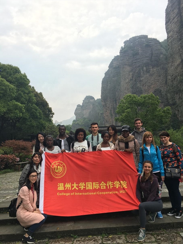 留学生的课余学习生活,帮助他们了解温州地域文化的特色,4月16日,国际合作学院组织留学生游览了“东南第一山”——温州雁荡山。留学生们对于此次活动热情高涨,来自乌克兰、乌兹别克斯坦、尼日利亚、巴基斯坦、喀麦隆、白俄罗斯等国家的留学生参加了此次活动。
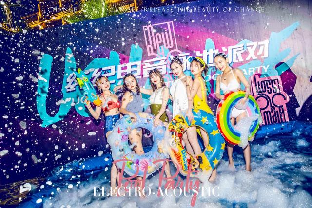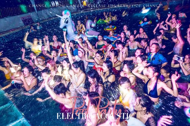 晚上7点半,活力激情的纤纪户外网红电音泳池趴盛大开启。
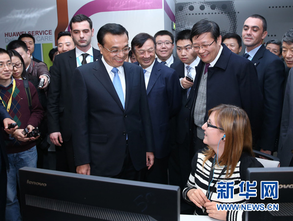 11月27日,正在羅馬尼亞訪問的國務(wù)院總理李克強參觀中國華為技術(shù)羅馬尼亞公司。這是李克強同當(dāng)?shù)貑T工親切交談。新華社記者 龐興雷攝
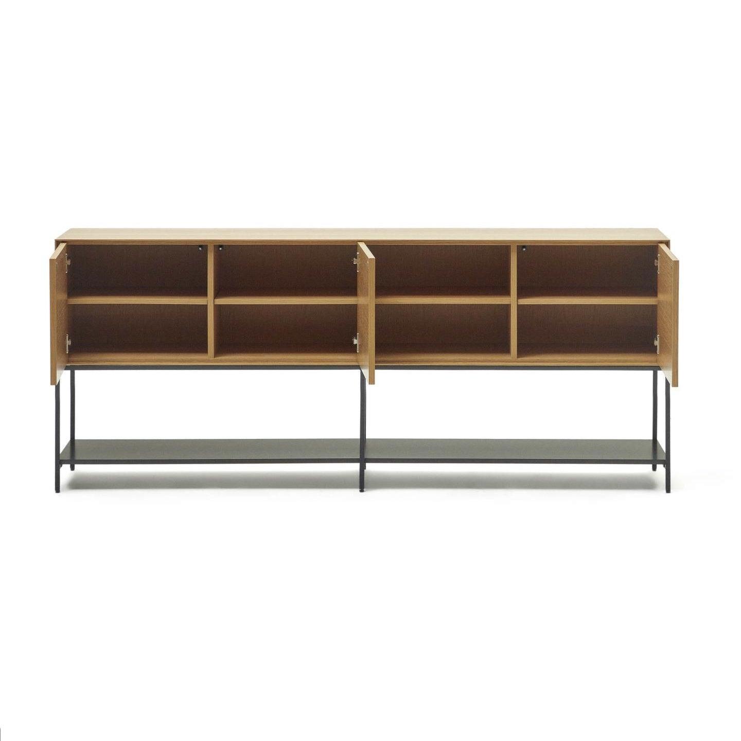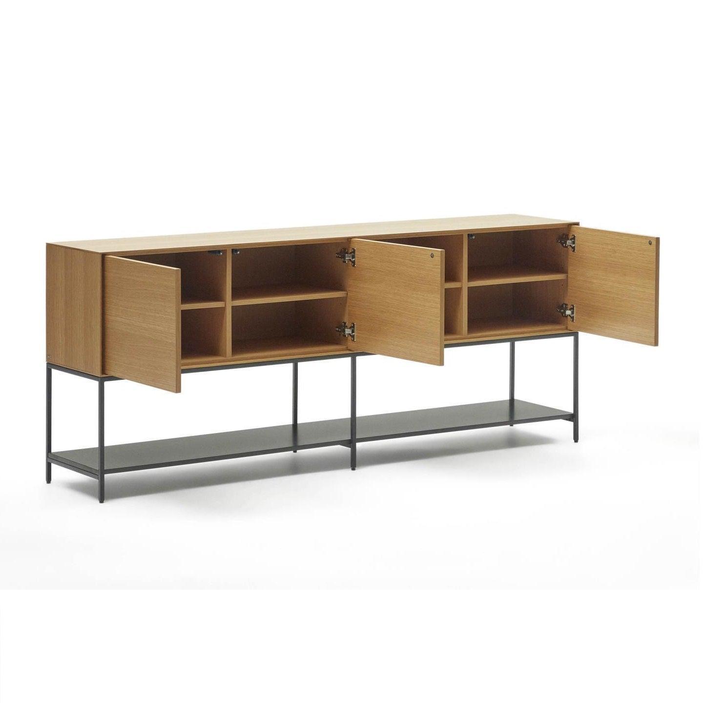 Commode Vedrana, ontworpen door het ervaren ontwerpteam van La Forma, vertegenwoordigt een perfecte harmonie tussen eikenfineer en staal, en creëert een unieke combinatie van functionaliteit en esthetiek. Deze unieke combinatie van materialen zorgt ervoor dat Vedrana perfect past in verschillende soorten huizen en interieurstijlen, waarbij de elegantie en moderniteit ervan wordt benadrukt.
★ ★ ★
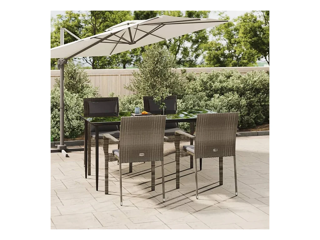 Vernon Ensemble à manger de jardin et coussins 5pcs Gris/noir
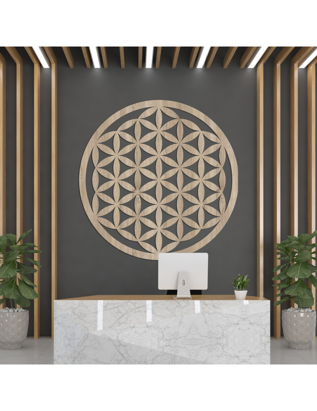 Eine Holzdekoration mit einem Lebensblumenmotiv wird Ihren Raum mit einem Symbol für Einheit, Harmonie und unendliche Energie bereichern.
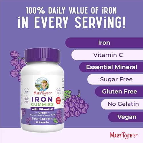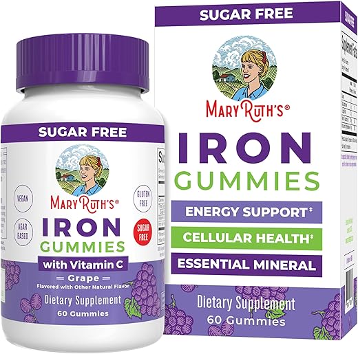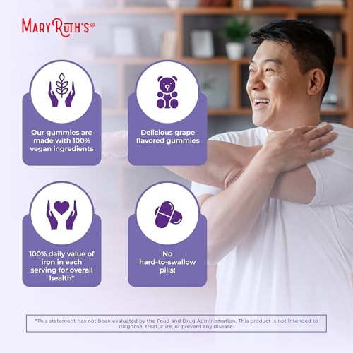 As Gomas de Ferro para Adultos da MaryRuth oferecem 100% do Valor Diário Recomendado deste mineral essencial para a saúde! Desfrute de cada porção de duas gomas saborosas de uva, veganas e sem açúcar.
★ ★ ★
▶ [THE PROBLEM]:
Only one part of the material above is wanted: the lines from the one with "晚上7点半,活力激情的纤纪户外网红电音泳池趴盛大开启。" up to and including the one with "Commode Vedrana, ontworpen". Please copy them exactly, pictures left out.

▶ [ANSWER TO THIS TASK]:
 晚上7点半,活力激情的纤纪户外网红电音泳池趴盛大开启。
 11月27日,正在羅馬尼亞訪問的國務(wù)院總理李克強參觀中國華為技術(shù)羅馬尼亞公司。這是李克強同當(dāng)?shù)貑T工親切交談。新華社記者 龐興雷攝
 Commode Vedrana, ontworpen door het ervaren ontwerpteam van La Forma, vertegenwoordigt een perfecte harmonie tussen eikenfineer en staal, en creëert een unieke combinatie van functionaliteit en esthetiek. Deze unieke combinatie van materialen zorgt ervoor dat Vedrana perfect past in verschillende soorten huizen en interieurstijlen, waarbij de elegantie en moderniteit ervan wordt benadrukt.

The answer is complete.